TASK PROMPT –
Working from the start of the listing, please write out exactly the lines through the one that holds "友人と二人、サラダ、海老、チ", both included, and omit all pictures.

--- GIVEN INFORMATION Enclosed Below ---

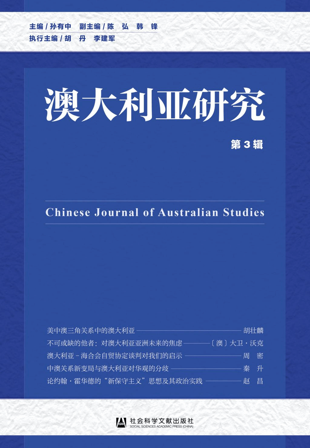 《澳大利亚蓝皮书:澳大利亚发展报告(2018—2019)》由我院澳大利亚研究中心组织编写,聚焦2018年7月以来澳大利亚内政外交、经济社会等方面的发展情况,并对中澳关系中的热门议题作出了深入分析。同期发布的还有国内唯一专注于澳大利亚的综合性学术期刊《澳大利亚研究(第三辑)》。
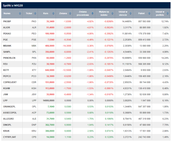 Poniżej notowania spółek wchodzących w skład WIG20 po zakończeniu sesji:
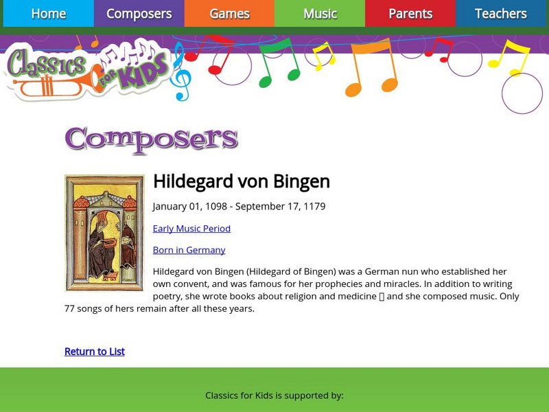 Classics For Kids provides a short biography of Early Music composer Hildegard von Bingen, born on January 1, 1098.
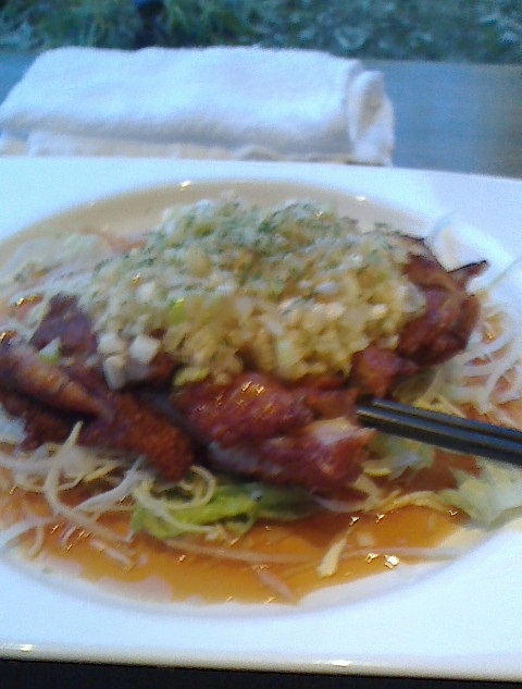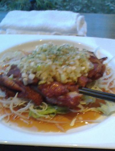 友人と二人、サラダ、海老、チキンから選んで、プラス蟹チャーハンと大食漢の二人は、量も味も大満足でした。- 旅行時期
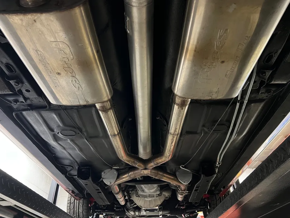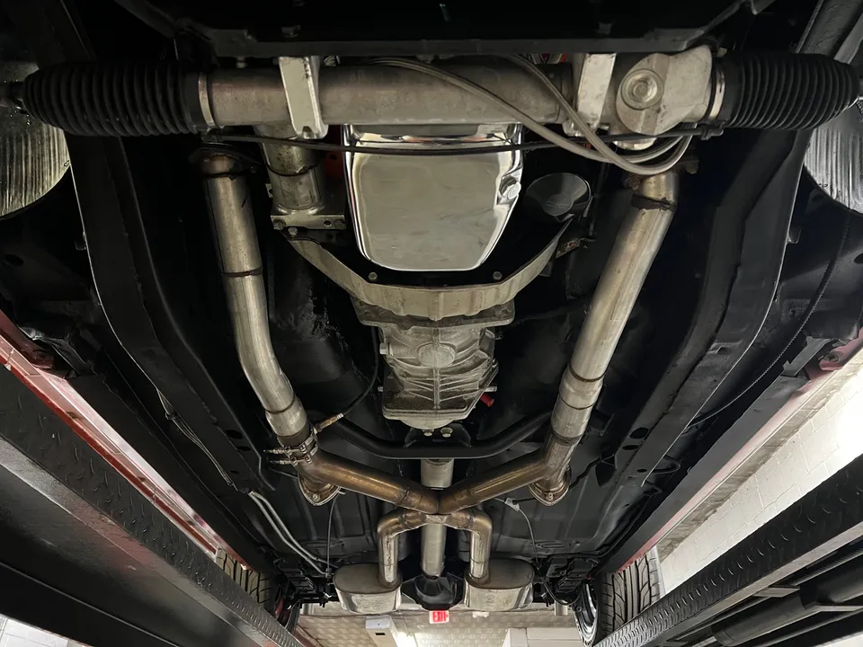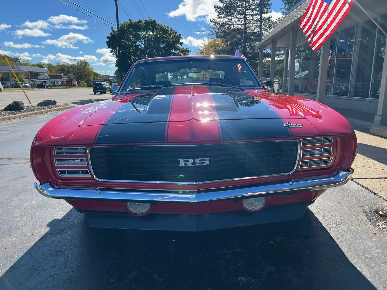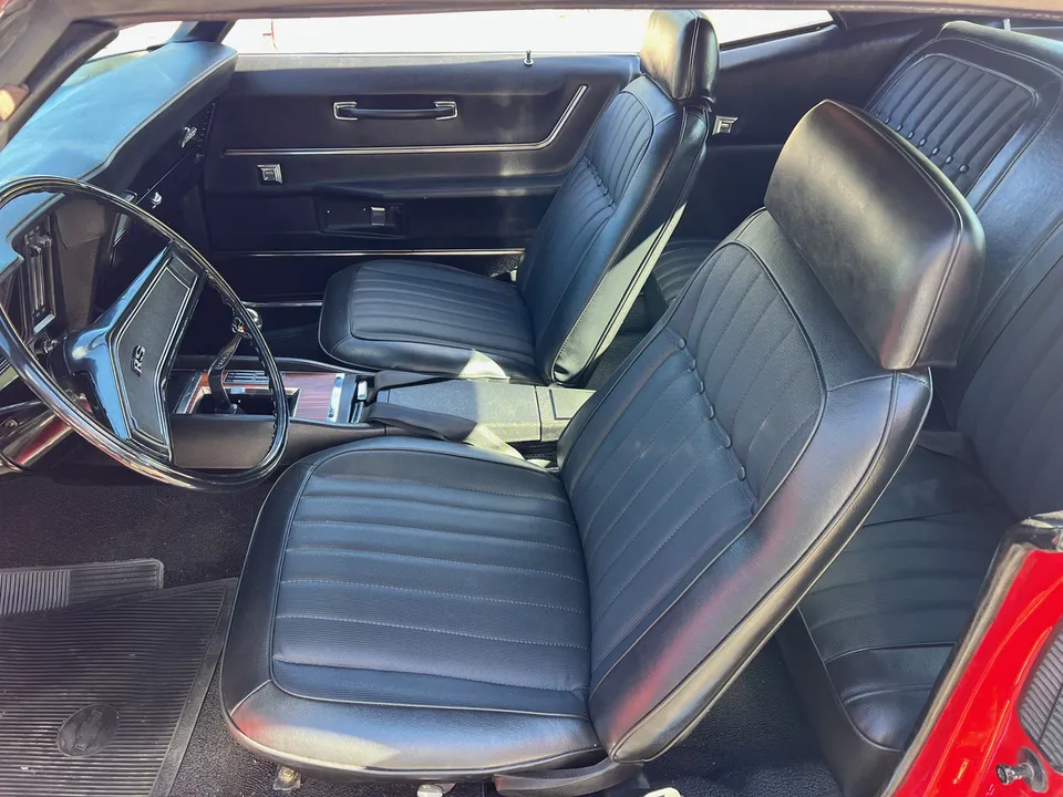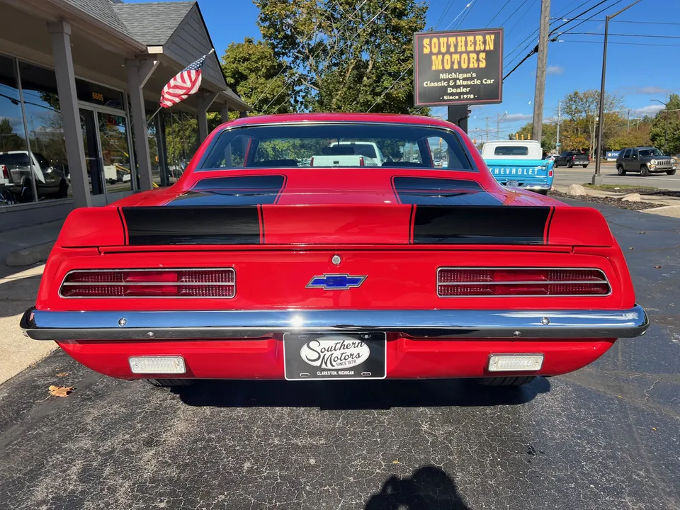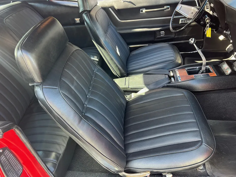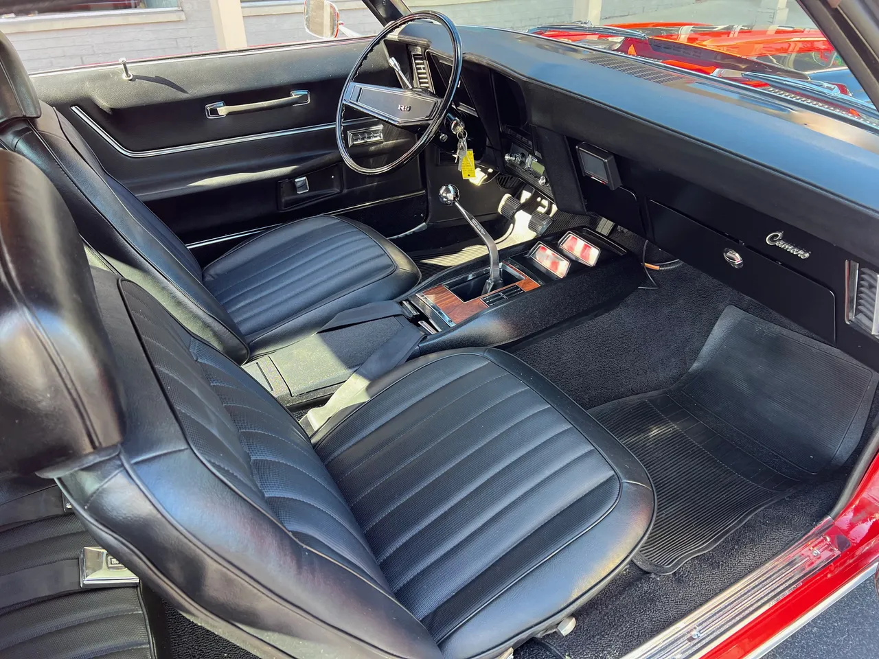 Complete Professionally Built Restomod, stunning Torch red paint, black striping, black Deluxe interior, professionally built 383 ci stroker engine with Holley Sniper EFI, Edelbrock Performer aluminum, Dart aluminum heads, scat crank, H-beam rods, Speed Pro pistons, hydraulic roller camshaft, headers, MSD ignition, Chevrolet air cleaner & valve covers, Detroit speed tubular control arms, power CCP 4-wheel disc brakes, Detroit Speed rack & pinion steering, billet pulley’s, Be Cool aluminum radiator with dual electric fans, Tremec 5 speed manual transmission, bucket seats with center console, tilt column, factory tach & gauges, power windows, Retrosounds radio, Pypes stainless X-pipe dual exhaust, Perfect Launch 12 bolt 3.73 rear axle, 255/45ZR17 Nitto rear tires, 245/45ZR17 fronts, 17" chrome US Mag wheels, Detroit Speed hideaway headlights, cowl hood, front & rear spoilers, ceramic coated, Show or Go!

--- End of Enclosed GIVEN INFORMATION ---

SOLUTION FOR THIS TASK –
 《澳大利亚蓝皮书:澳大利亚发展报告(2018—2019)》由我院澳大利亚研究中心组织编写,聚焦2018年7月以来澳大利亚内政外交、经济社会等方面的发展情况,并对中澳关系中的热门议题作出了深入分析。同期发布的还有国内唯一专注于澳大利亚的综合性学术期刊《澳大利亚研究(第三辑)》。
 Poniżej notowania spółek wchodzących w skład WIG20 po zakończeniu sesji:
 Classics For Kids provides a short biography of Early Music composer Hildegard von Bingen, born on January 1, 1098.
 友人と二人、サラダ、海老、チキンから選んで、プラス蟹チャーハンと大食漢の二人は、量も味も大満足でした。- 旅行時期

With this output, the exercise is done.